HDCP...well, if there were a 4K disc in the offing, perhaps, but there isn't. BD hasn't achieved full market penetration, DVDs still outsell them. And streaming/download has crushed all physical media, so I wouldn't advise any breath-holding on a 4k disc. Besides, it's not just the disc, its the player and the display too. The AVR is the one thing that's ready now. All those upgrades are expensive, and the improvement isn't even half of the jump from 480p to 1080p as far as viewable value. It's going to be a long-slow haul.

The idea of future-proofing a purchase in consumer electronics is ludicrous. It changes all the time in one way or other. But a smart way to do it is to plan upgrades. Buy a decent and capable AVR, and plan an upgrade in 2-3 years when the unit still has at least 50% of its original value in it, meaning the cash outlay would be 50% or less of the original purchase to upgrade to the latest/greatest within the same class.

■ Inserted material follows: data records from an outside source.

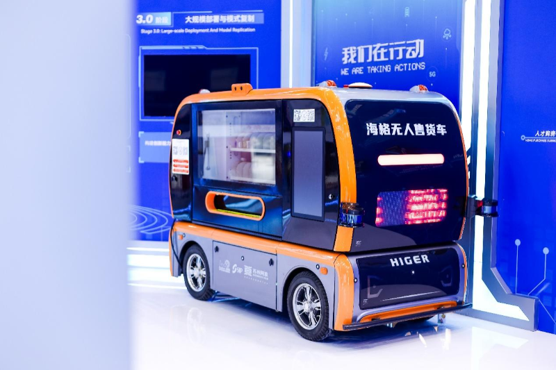 此外,蘇州金龍無人駕駛作業(yè)車也在ITS世界大會展區(qū)及現(xiàn)場演示區(qū)亮相。其中,蘇州金龍海格無人清掃車,小巧靈活,可云端任務(wù)下發(fā)、實時監(jiān)控,自動巡航完成多路段、多場景的自動清掃作業(yè);海格無人售賣車則支持掃碼定點??浚〕绦蛳聠魏蠛艚惺圪u車自動駕駛送達(dá)站點,可滿足園區(qū)、社區(qū)等場景移動售賣需求。
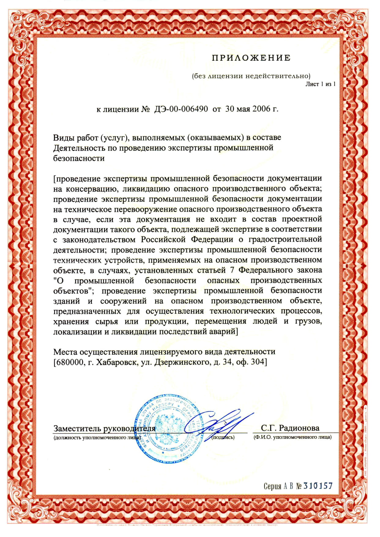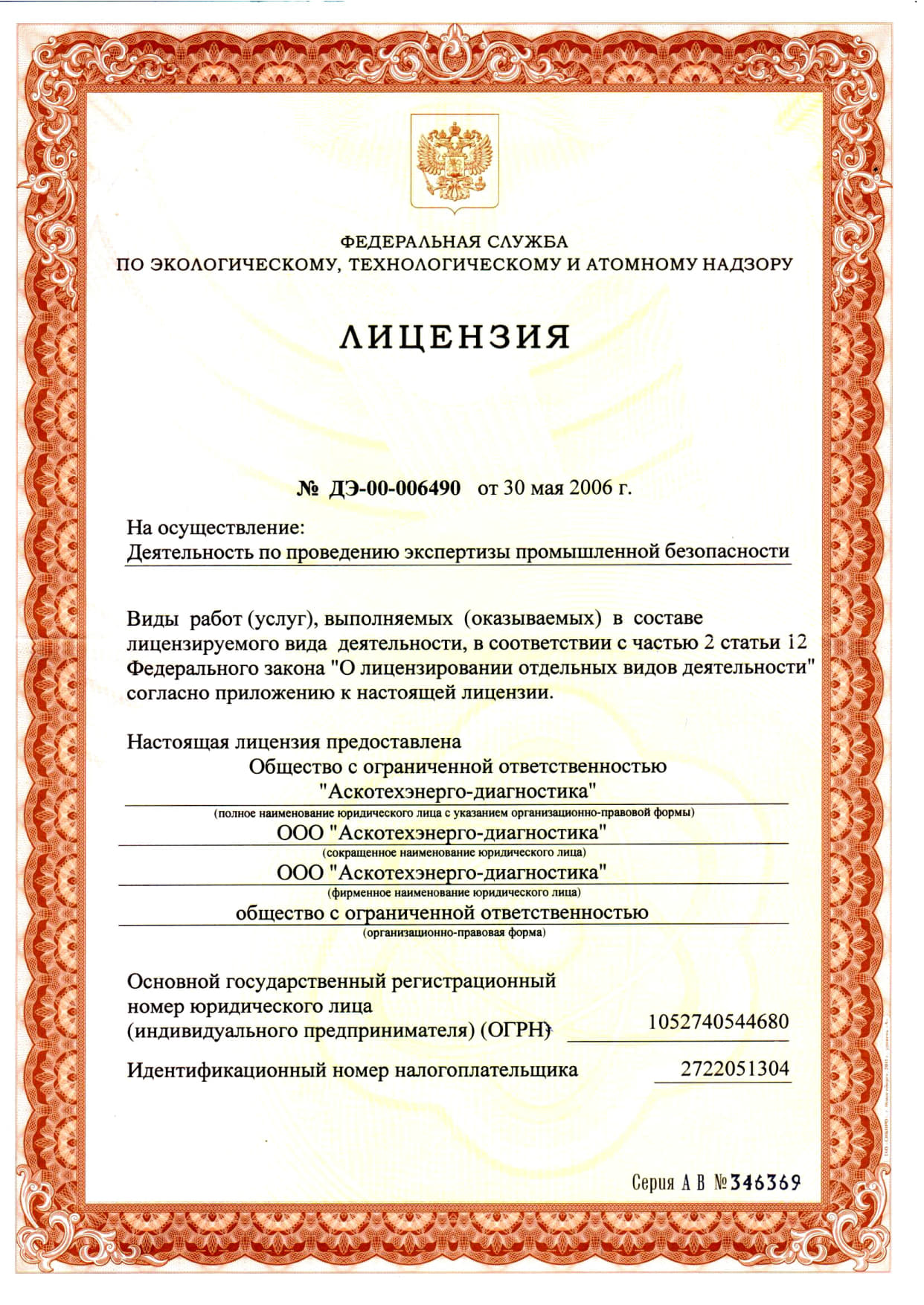 Лицензия на осуществление деятельности по проведению экспертизы промышленной безопасности.
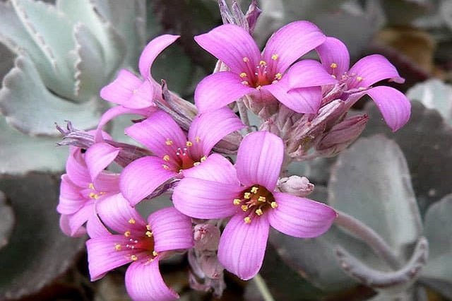 Bella planta de la família dels Kalanchoes - Vistoses fulles de color gris i belles flors de color rosa que, com més hores de llum tingui, augmenta en nombre - Resistent al sol ia les altes temperatures - Pot usar-se com a planta penjant per el seu port - Floreix des de finals d'hivern a mitjan primavera -
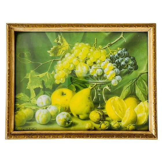 Le cadre de la lithographie de fruits des années 1940 mesure 26 cm de haut, 20 cm de large et 1 cm de profondeur. Il est signé en bas avec le nom de Marlehetti.
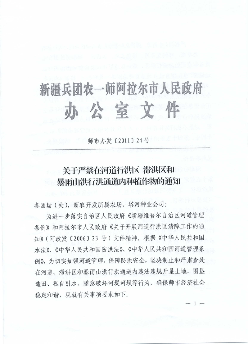 关于严禁在河道行洪区滞洪区和暴雨山洪行洪通道内种植作物的通知(师市办发〔2011〕24号) 来源: 发布时间:2023-08-07 10:36:10 浏览次数: 次 【字体:小 大】 终审:水利局 【打印正文】
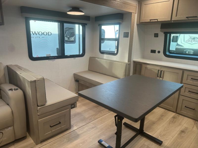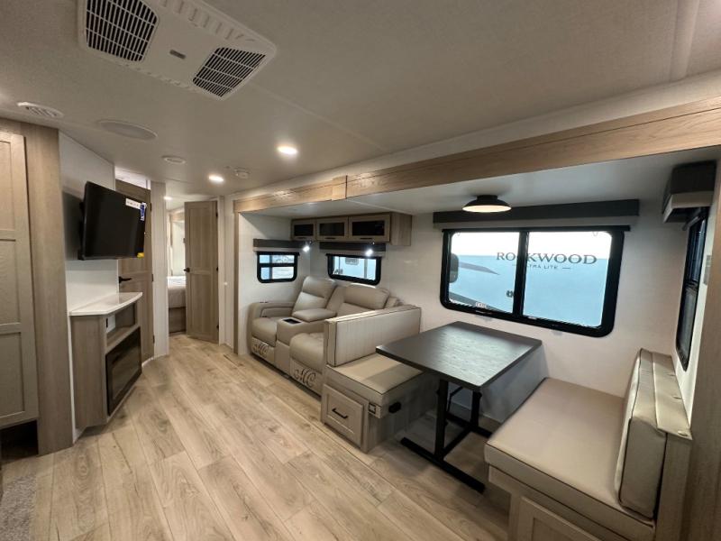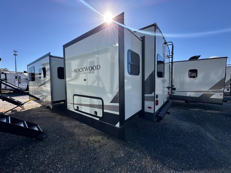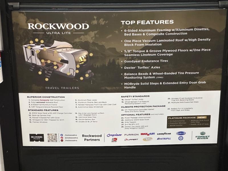 Each Rockwood Ultra Lite travel trailer by Forest River includes superior construction with a high gloss fiberglass cap, aluminum cage construction, and a power awning with LED lighting for a cozy and functional outdoor space. The torsion axle, power tongue jack will make towing smooth and hassle-free, along with the nitrogen filled, Goodyear Endurance tires and the tire pressure monitor system. Interior comforts include kitchen sink with high rise faucet, hidden hinge cabinet doors, and roller shades to name a few. Choose a Rockwood Ultra Lite travel trailer today!
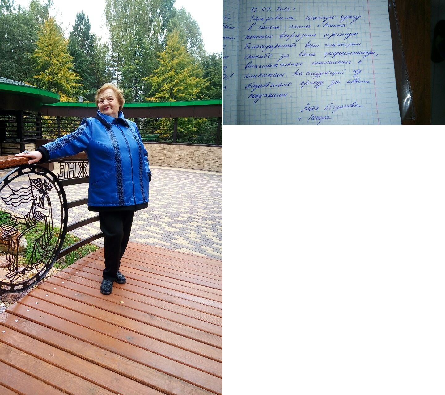 Елена, г. Нижний НовгородПриезжаю в санаторий Нижнеивкино в 5 раз и всегда уезжаю с покупками от "Анюты". Мне сшили отличное пальто-пихори, переделали мое желтое кожаное пальто (уже немодное) в великолепную стильную вещь. Так же шикарно выглядит шоколадная замшевая куртка, которую купила хотя и не планировала(просто не могла отказаться) 😀. Всегда привожу подарки родным и друзьям-классные косметички, сумки, тапочки и чудесные меховые варежки. Все "пищат"от восторга. Ни в одном магазине, я не видела такой огромный выбор модных стильных с большим вкусом сделаных вещей. "Анюта" - это бренд, говорящий о качестве, стиле и хорошем вкусе хозяйки. Огромное спасибо Светлане! Это отличный дизайнер (а все модели придумывает она) и светлый хороший человек. Здоровья и процветания!!! |
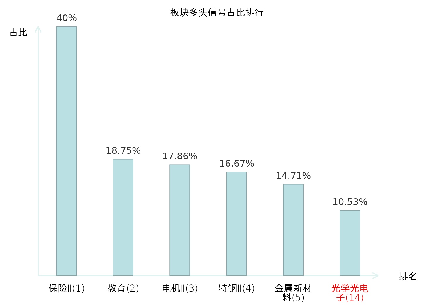 从主力宝信号数据分析,五方光电所属的光学光电子板块中共10只股票发出主力多头信号,主力多头信号占比在全行业中排名第14位,较昨日上升15位;较高的排名表明主力对于该板块整体看多意愿较强,此次排名显著上升反映出主力对该板块态度趋于积极;全市场所有行业板块中主力多头信号占比排名中,保险Ⅱ板块位居第一;保险Ⅱ板块名次提升最快,较昨日上升124位;这些变动揭示了不同行业间主力资金动向的结构性变化,为投资者判断板块相对强度和潜在关注方向提供了客观依据。
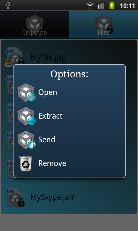 - Send your files by Bluetooth, Google Drive, Dropbox ... so you can share your files encrypted with anyone you like.
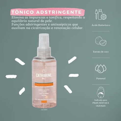 O Tônico Adstringente da marca brasileira Catharine Hill é especialmente desenvolvido para peles mistas e oleosas.
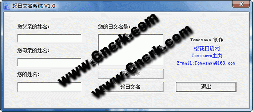 绿色软件,下载后直接解压缩后运行。本软件只是好玩,没有其他别的意义。使用的时候,输入父亲的名字,母亲的名字和你的名字,然后点“起日文名”按钮即可。
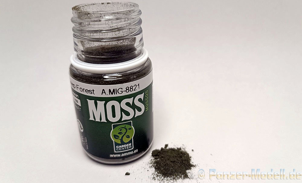 Mit der Artikelnummer A.MIG-8821 bietet der Hersteller Ammo by Mig ein Material für den Geländebau an. Unter der Bezeichnung Deep Forest Moss (Tiefer Wald Moos) erhalten wir die, bereits von Pigmenten und Washes bekannte, Plastikflasche mit 35ml Inhalt. Hierbei handelt es sich um ein feines, relativ hartes Granulat mit variierender Körnung in einem olivgrünen Farbton. Mit diesem Material lässt sich der Bewuchs von Moos und Flechten recht naturgetreu darstellen. Als Anwendungsbeispiele werden unter anderem Bäume, Gebäude und verlassene Fahrzeuge genannt. Ammo bietet dieses Produkt in verschiedenen Farbtönen an, alle Farbtöne sind auch untereinander mischbar. So lassen sich unterschiedliche Effekte erreichen. Grenzen für die Anwendung setzt hier nur die Phantasie des Modellbauers. Für die Verklebung mit dem Untergrund empfiehlt der Hersteller den hauseigenen Super Glue mit der Artikelnummer A.MIG-2031. Aber ich denke auch mit verdünntem Holzleim wird der Modellbauer sein Ziel erreichen. Ein, auch für Anfänger geeignetes, durchaus empfehlenswertes Produkt.
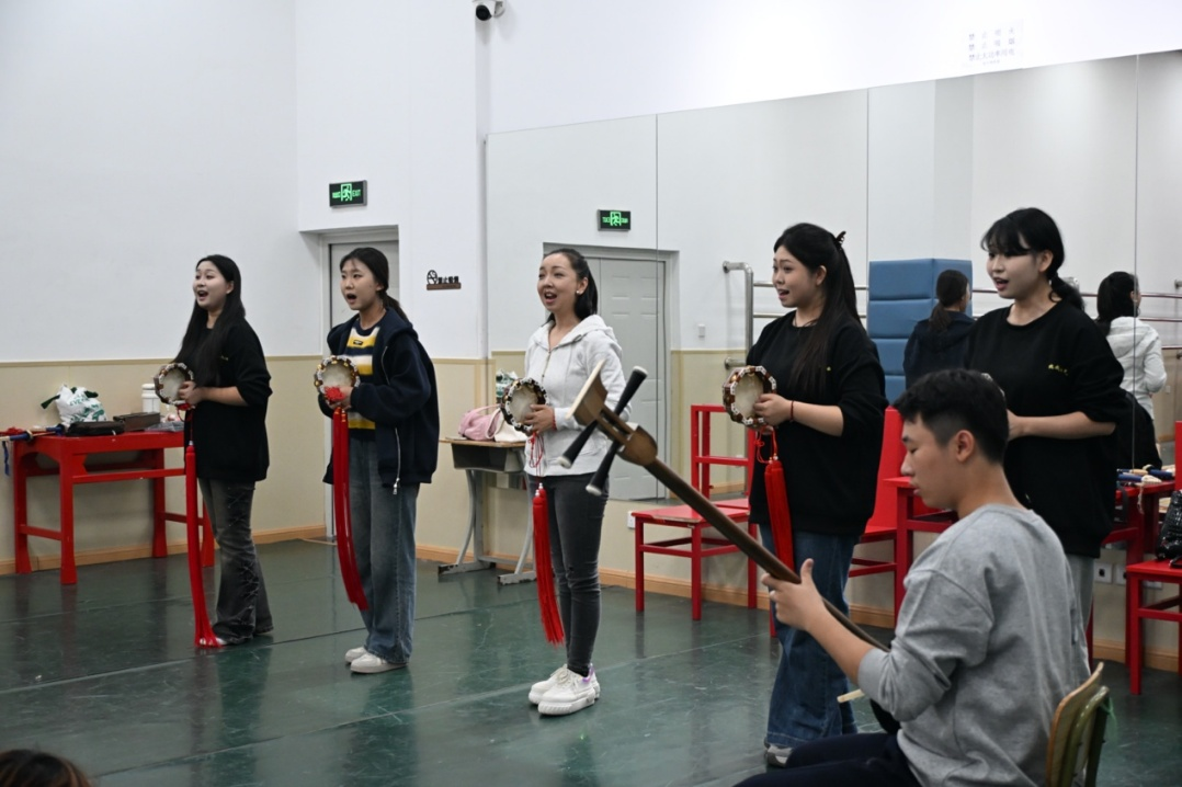 梅花大鼓又名梅花调,产生于清代中叶,最初由旗籍子弟玉瑞创建,主要流行于京、津两地。在我们不少人的印象里,梅花大鼓或许还停留在画质模糊的老影像里,总觉得与这门传统曲艺带着些“距离感”,但当我们走进教室,眼前的景象瞬间拉近了距离,一群初中生坐在教室中,面庞青涩稚嫩。只见他们熟练地拿出笔记本、简板与鼓楗子做好上课准备。年近古稀的授课教师籍薇,是梅花大鼓国家级非物质文化遗产代表性传承人,为了传承这门曲艺,她每周都从天津赶来为学生授课。
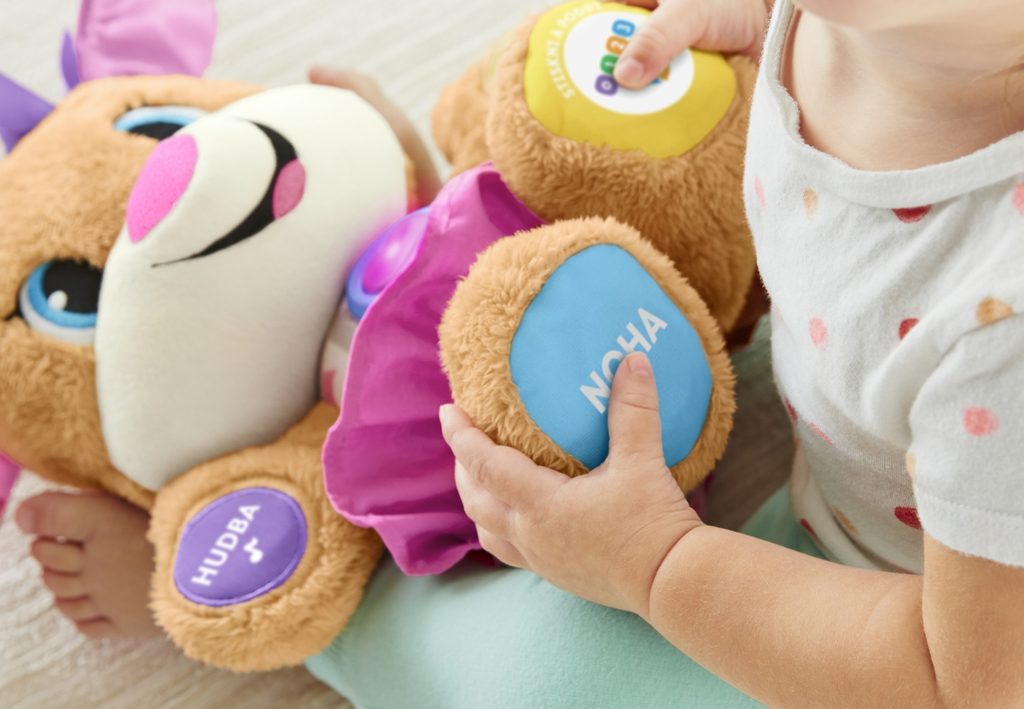Pejskova měkoučká mazlivá sestřička se postará o to, že učení bude vždy jedna velká legrace. Když se dítě svojí kamarádky dotkne, zareaguje pejskova sestřička tak, že hned spustí veselé písničky a fráze, které vaše maličké naučí víc než 100 základních slov, části těla, barvy, tvary a mnoho dalšího! Srdíčko pejskovy sestřičky dokonce barevně bliká do rytmu hudby! Protože se každé dítě vyvíjí různě rychle, podporuje hračka technologii Smart Stages,

That's less cost as holding onto an AVR for six years then upgrading, because a six year old AVR has less than 1/4 of its original value left. Upgrades should be planned to coincide with new model releases to maximize useful life of the new product, and maximize value of the old. New entry level Denon AVRs will ship by the third week in June, some of the X series by end of July, the rest by mid August, if you want some sample dates.

Planning upgrades also means budgeting for them, which makes them even less painful. Budget for the upgrades so that the AVR is in years opposite the display, etc. Or stagger slightly farther apart, but don't get off the plan. You won't be concerned with becoming obsolete, you'll have new stuff more of the time, and it won't cost you more, it'll cost less.

Ignorance is bliss right up until it bites you, then it's extremely painful.


----------



## BeeMan458 (Nov 25, 2012)

gazoink said:


> Ignorance is bliss right up until it bites you, then it's extremely painful.


No philosophy is perfect. We all need to have one we can hang a hat on. Ignorance allows for a hat tree of many branches.


----------



## macromicroman (May 17, 2014)

I think the simple answer for the OP is no. I'm not sure that the receivers advertising they are HDMI 2.0 actually meet all the standards for 2.0 as listed above.


----------



## gazoink (Apr 17, 2013)

macromicroman said:


> I'm not sure that the receivers advertising they are HDMI 2.0 actually meet all the standards for 2.0 as listed above.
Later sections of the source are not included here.